= Work to be completed =
Look below for the line with "Panoramica delle piattaforme", then repeat it and all lines after it, exactly, minus any pictures.

= Input for this task =
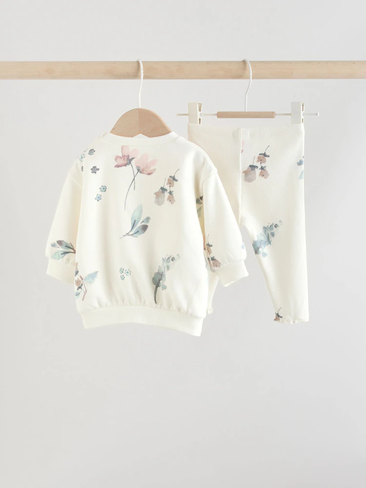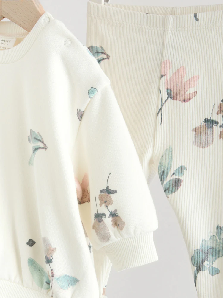 Cream Floral Baby Sweater and Joggers Set 2 Piece (0mths-2yrs)
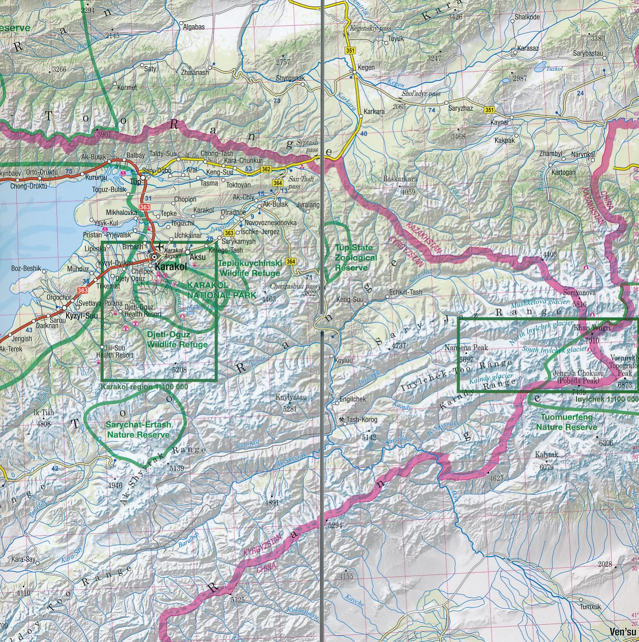 Heel duidelijke geplastificeeerde kaart van een deel van het Tien Shan gebergte. Met name de gebieden rond Karakol worden extra uitgelicht.
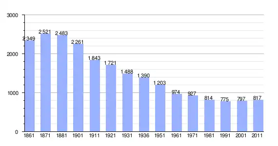 | Variação demográfica do município entre 1861 e 2011[3] |
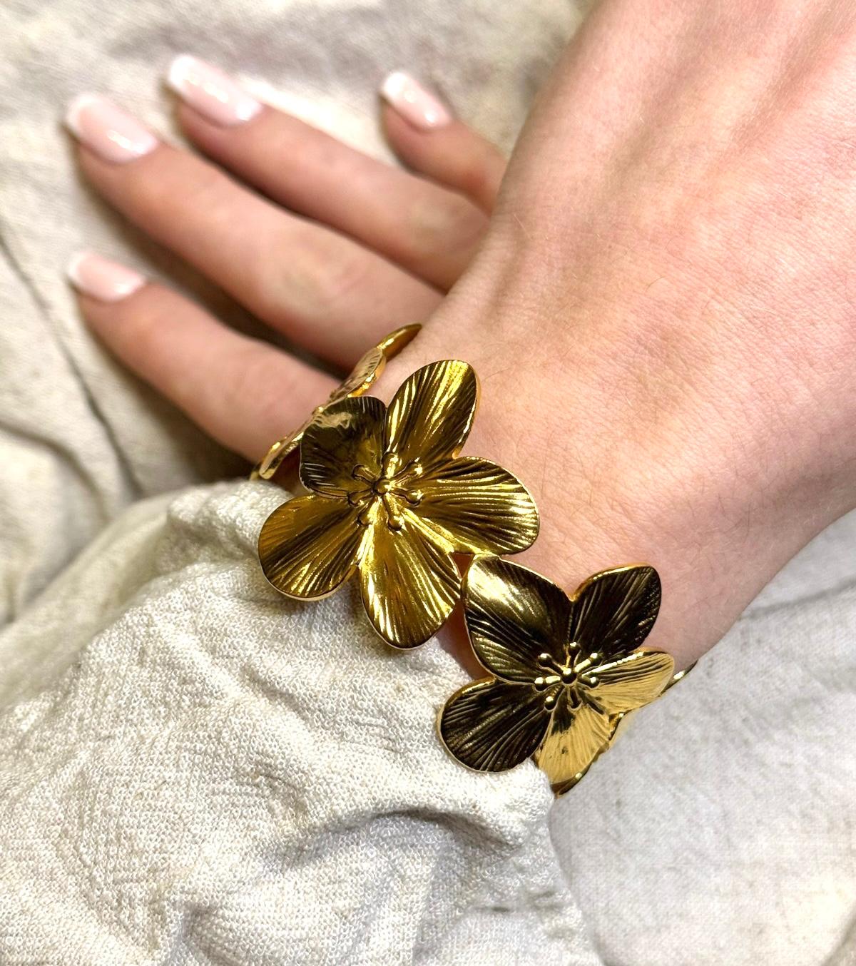 Bracelet en acier inoxydable doré orné de fleurs délicates et texturées. Un bijou élégant, parfait pour sublimer votre poignet avec une touche florale raffinée.
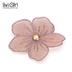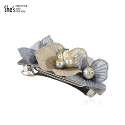 shes发饰 手工双色刺绣花朵盘发发夹仿珍珠弹簧夹横夹马尾夹头饰
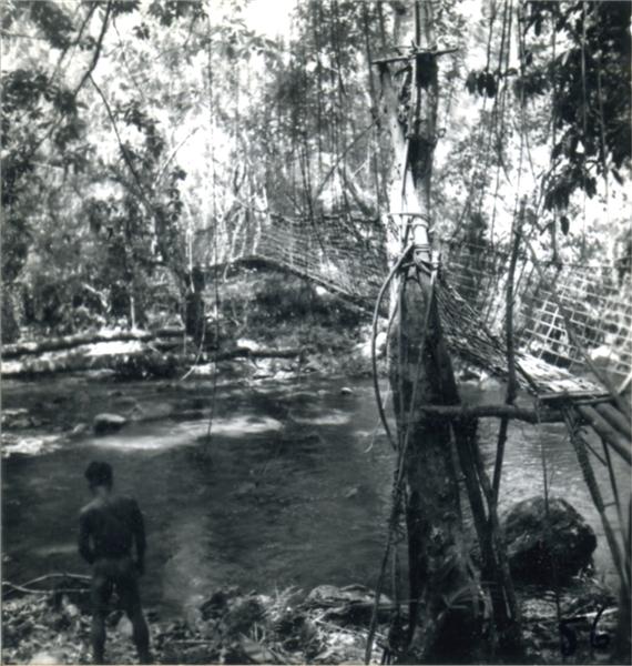 | Pont de liane sur une petite rivière. Un homme debout à sa gauche sur la rive |
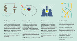 Panoramica delle piattaforme fisiche già utilizzate o candidate per la realizzazione di dispositivi di calcolo quantistici.
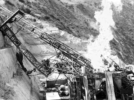 井噴氣井系延長石油集團油氣勘探公司的“332#”天然氣探井,地處延長縣七里村鎮(zhèn)楊旗村的一處山坡上。昨日下午3時許,記者來到井噴現(xiàn)場200米外時,就能明顯感覺到被大火炙烤的感覺,數(shù)十米高的火焰沖向天空,不時發(fā)出“砰砰”的聲響,用于勘探氣井的井架歪倒在山坡上。井噴現(xiàn)場不遠處的一處山頭,幾臺推土機正在高溫下施工。據(jù)一名工人講,被推平的這處山頭地勢相對平緩一些,山頭被推平后,他們將按照專家的搶險計劃,在該處打一斜井直通發(fā)生井噴的“332#”井,擬對其疏導(dǎo)減壓,以達到滅火目的。
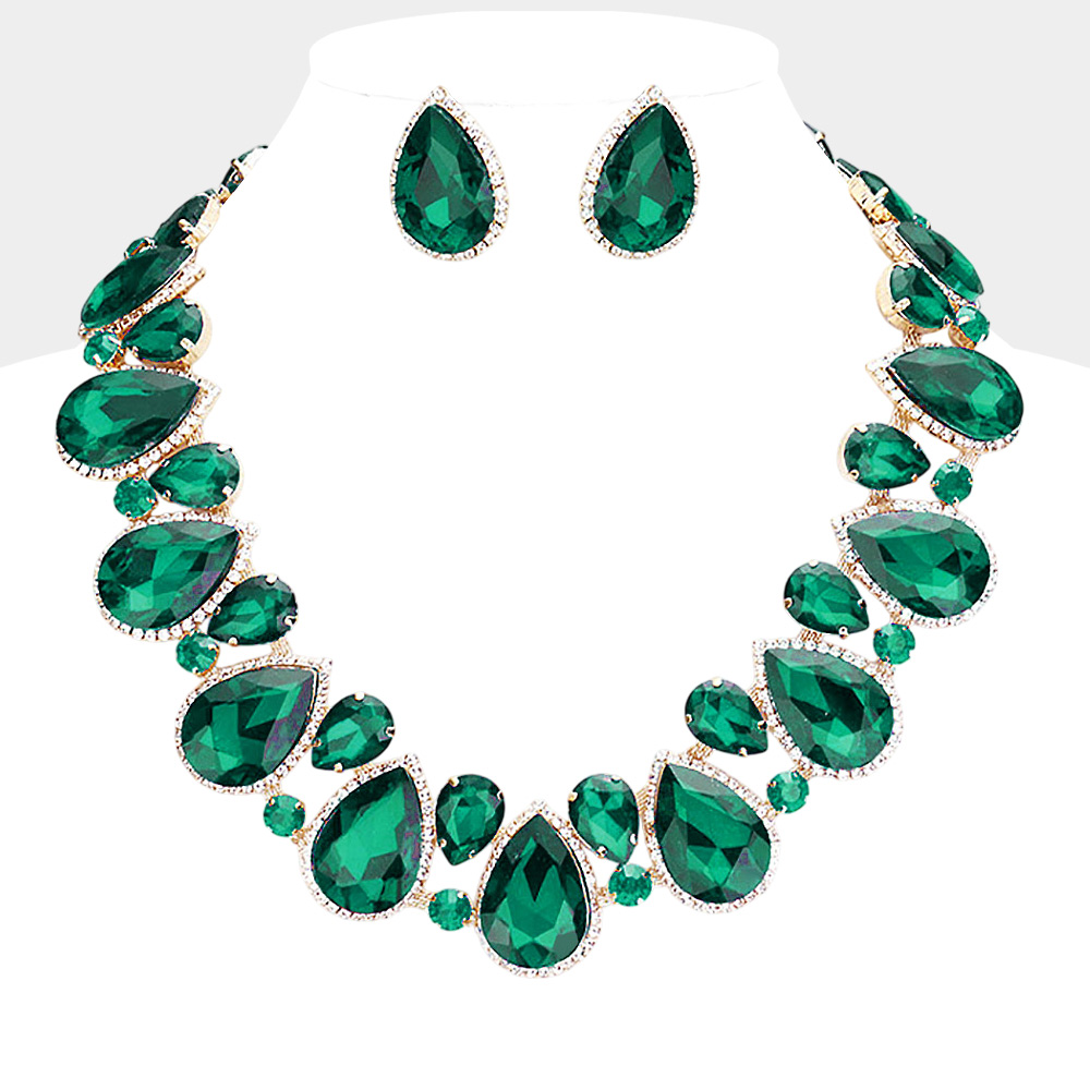Crystal Rhinestone Trim Teardrop Collar Evening Necklace

= Answer to this task =
 Panoramica delle piattaforme fisiche già utilizzate o candidate per la realizzazione di dispositivi di calcolo quantistici.
 井噴氣井系延長石油集團油氣勘探公司的“332#”天然氣探井,地處延長縣七里村鎮(zhèn)楊旗村的一處山坡上。昨日下午3時許,記者來到井噴現(xiàn)場200米外時,就能明顯感覺到被大火炙烤的感覺,數(shù)十米高的火焰沖向天空,不時發(fā)出“砰砰”的聲響,用于勘探氣井的井架歪倒在山坡上。井噴現(xiàn)場不遠處的一處山頭,幾臺推土機正在高溫下施工。據(jù)一名工人講,被推平的這處山頭地勢相對平緩一些,山頭被推平后,他們將按照專家的搶險計劃,在該處打一斜井直通發(fā)生井噴的“332#”井,擬對其疏導(dǎo)減壓,以達到滅火目的。
Crystal Rhinestone Trim Teardrop Collar Evening Necklace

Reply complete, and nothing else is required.